BEGIN EXERCISE MATERIAL
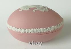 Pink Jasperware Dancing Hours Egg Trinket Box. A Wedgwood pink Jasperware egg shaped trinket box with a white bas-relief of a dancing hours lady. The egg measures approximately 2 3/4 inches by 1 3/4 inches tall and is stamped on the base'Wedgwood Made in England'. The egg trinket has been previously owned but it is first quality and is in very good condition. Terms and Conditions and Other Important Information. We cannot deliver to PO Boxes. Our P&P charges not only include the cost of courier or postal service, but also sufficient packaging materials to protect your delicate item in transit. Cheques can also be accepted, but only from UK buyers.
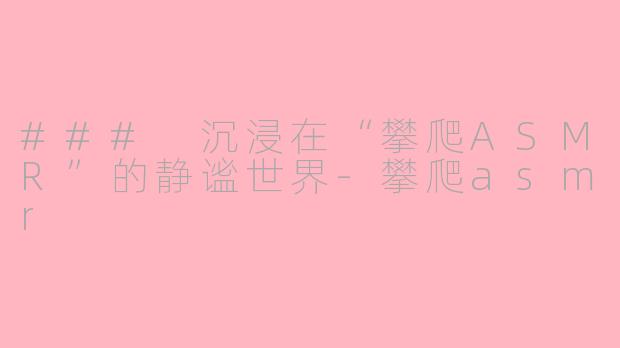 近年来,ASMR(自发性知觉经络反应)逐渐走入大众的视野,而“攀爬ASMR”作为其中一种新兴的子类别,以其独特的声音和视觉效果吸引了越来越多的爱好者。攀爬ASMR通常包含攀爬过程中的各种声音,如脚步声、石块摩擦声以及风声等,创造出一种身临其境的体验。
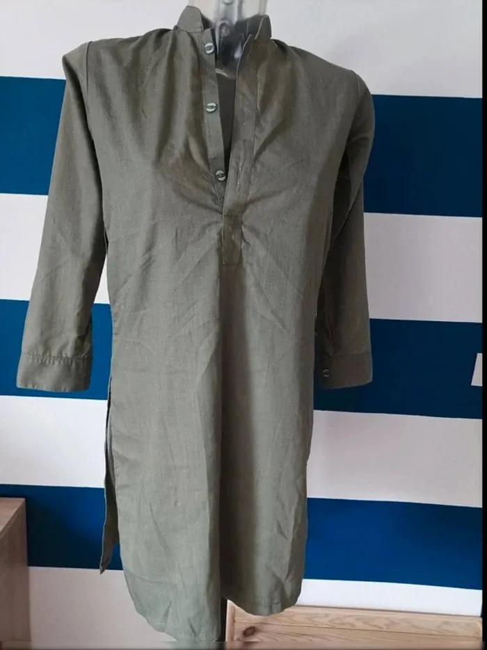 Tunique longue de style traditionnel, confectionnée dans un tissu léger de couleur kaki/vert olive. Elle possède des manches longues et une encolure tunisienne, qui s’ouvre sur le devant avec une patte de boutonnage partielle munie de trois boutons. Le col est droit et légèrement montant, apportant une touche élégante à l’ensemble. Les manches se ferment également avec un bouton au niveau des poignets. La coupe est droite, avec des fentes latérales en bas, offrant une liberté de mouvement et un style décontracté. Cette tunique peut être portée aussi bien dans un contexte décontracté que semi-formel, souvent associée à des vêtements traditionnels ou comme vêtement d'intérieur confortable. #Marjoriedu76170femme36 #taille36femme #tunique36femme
END EXERCISE MATERIAL
BEGIN EXERCISE MATERIAL
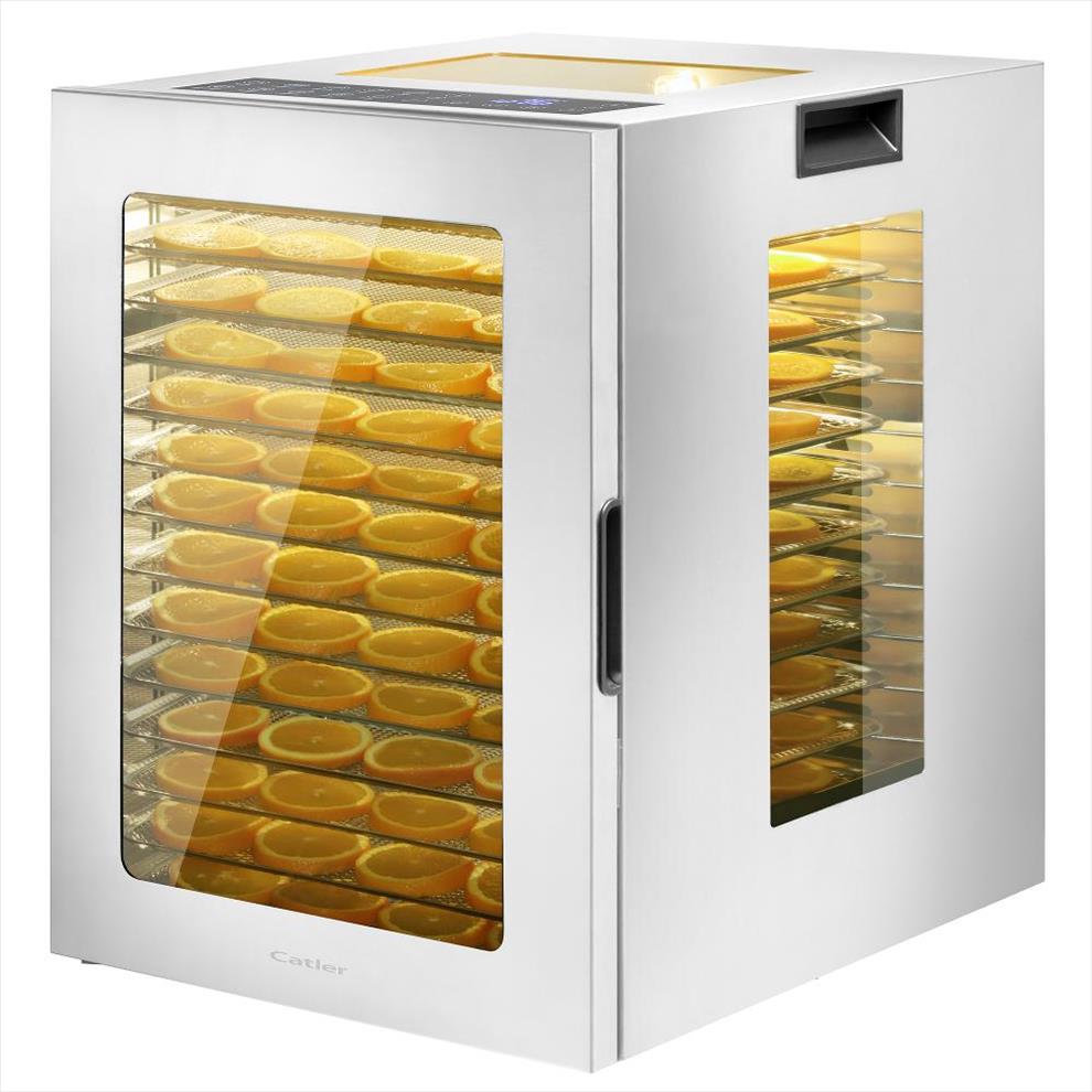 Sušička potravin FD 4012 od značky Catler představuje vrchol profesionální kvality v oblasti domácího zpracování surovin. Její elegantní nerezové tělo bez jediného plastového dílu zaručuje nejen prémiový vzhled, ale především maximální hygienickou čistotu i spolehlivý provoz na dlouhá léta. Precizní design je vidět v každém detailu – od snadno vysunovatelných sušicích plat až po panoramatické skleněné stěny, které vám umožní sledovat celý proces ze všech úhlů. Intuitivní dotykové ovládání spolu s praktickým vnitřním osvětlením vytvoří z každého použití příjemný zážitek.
END EXERCISE MATERIAL
# AIM OF THE TASK
Look through the listing above for the line with "Pink Jasperware Dancing" and the line with "近年来,ASMR(自发性知觉". Write out exactly those lines and everything between, leaving out pictures.

# SOLUTION TO THE EXERCISE
 Pink Jasperware Dancing Hours Egg Trinket Box. A Wedgwood pink Jasperware egg shaped trinket box with a white bas-relief of a dancing hours lady. The egg measures approximately 2 3/4 inches by 1 3/4 inches tall and is stamped on the base'Wedgwood Made in England'. The egg trinket has been previously owned but it is first quality and is in very good condition. Terms and Conditions and Other Important Information. We cannot deliver to PO Boxes. Our P&P charges not only include the cost of courier or postal service, but also sufficient packaging materials to protect your delicate item in transit. Cheques can also be accepted, but only from UK buyers.
 近年来,ASMR(自发性知觉经络反应)逐渐走入大众的视野,而“攀爬ASMR”作为其中一种新兴的子类别,以其独特的声音和视觉效果吸引了越来越多的爱好者。攀爬ASMR通常包含攀爬过程中的各种声音,如脚步声、石块摩擦声以及风声等,创造出一种身临其境的体验。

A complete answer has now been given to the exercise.